Using the 133-qubit IBM Quantum Heron processor "ibm_torino," the team implemented a periodically driven two-dimensional kicked Ising model via digital quantum simulation and demonstrated stable subharmonic oscillations characteristic of discrete time crystals for up to 100 driving cycles. These results were validated through comparison with classical simulations based on the two-dimensional tensor network method performed on the RIKEN supercomputer Fugaku.
This work provides an important experimental benchmark demonstrating that quantum computers can probe the non-equilibrium dynamics of quantum many-body systems in regimes that approach or exceed the limits of classical computational methods.

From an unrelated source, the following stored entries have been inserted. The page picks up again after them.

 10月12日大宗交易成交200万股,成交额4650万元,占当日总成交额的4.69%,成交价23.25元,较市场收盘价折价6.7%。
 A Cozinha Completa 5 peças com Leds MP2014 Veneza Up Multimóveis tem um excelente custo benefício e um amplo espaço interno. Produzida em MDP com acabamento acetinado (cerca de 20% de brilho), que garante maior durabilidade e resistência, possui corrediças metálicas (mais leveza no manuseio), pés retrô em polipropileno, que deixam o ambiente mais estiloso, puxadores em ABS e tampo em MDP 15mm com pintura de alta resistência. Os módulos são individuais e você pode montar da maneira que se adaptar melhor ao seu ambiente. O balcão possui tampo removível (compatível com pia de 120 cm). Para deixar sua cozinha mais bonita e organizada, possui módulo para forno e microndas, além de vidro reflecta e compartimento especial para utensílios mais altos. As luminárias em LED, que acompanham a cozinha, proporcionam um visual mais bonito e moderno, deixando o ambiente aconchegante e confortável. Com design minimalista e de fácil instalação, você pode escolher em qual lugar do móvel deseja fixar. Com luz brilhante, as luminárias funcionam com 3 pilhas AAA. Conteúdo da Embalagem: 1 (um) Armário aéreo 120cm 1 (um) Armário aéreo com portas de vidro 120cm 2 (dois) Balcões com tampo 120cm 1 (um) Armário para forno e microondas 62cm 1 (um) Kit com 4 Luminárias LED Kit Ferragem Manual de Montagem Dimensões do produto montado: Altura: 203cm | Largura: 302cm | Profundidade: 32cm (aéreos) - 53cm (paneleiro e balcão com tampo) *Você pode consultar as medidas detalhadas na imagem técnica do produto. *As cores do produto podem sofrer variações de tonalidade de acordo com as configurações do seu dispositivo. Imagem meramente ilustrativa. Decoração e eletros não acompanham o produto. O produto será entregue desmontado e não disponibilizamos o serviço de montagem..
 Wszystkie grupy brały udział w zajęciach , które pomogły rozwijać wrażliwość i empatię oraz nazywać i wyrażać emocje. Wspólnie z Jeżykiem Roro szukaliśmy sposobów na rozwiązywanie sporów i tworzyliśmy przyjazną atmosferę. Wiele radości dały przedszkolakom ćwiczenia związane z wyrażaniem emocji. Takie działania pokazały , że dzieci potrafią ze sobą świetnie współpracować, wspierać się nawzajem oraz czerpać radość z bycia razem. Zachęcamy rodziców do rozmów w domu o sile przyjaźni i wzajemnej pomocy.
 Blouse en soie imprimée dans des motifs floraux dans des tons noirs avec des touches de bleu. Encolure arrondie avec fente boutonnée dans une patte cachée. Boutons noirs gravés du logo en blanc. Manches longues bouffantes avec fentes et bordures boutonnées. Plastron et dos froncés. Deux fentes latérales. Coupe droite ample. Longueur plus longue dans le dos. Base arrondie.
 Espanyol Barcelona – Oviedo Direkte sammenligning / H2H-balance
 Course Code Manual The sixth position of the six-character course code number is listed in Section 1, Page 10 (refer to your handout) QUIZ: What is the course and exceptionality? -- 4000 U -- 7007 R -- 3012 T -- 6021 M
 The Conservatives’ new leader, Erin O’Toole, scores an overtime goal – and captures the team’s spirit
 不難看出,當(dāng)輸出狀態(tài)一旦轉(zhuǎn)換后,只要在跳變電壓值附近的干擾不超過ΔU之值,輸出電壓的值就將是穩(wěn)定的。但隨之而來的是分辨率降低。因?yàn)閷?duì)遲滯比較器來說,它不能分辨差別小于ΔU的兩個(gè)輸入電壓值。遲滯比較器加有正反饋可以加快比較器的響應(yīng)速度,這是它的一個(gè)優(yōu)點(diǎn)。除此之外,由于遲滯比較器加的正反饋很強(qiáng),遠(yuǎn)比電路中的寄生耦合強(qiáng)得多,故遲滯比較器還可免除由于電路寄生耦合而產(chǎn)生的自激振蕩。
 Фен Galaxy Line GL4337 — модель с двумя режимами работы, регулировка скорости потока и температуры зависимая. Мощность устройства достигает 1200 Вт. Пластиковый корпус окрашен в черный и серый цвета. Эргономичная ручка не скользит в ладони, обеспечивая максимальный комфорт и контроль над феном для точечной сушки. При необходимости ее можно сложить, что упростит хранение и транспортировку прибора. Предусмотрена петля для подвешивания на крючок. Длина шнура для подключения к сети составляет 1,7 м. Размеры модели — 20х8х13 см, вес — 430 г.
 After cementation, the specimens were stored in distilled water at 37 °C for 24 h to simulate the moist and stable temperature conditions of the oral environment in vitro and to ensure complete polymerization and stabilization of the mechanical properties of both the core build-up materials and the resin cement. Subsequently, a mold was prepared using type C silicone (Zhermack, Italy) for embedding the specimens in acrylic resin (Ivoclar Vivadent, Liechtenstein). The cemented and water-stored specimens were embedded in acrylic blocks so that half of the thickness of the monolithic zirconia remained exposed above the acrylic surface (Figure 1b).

Quantum many-body systems driven out of equilibrium can exhibit novel phases that do not exist in equilibrium conditions. One prominent example is the discrete time crystal, in which physical observables oscillate at integer multiples of the driving period, breaking the discrete time-translation symmetry imposed by periodic driving.
The experimental results quantitatively agree with classical simulations based on the two-dimensional tensor network method up to approximately 50 cycles, establishing the reliability of the quantum hardware observations. Beyond this time scale, classical simulation becomes increasingly difficult due to rapid entanglement growth, while the quantum processor was able to experimentally explore this regime.
This work demonstrates the growing role of quantum computers as tools for scientific discovery, complementing classical high-performance computing systems such as Fugaku and enabling new approaches to studying complex quantum systems.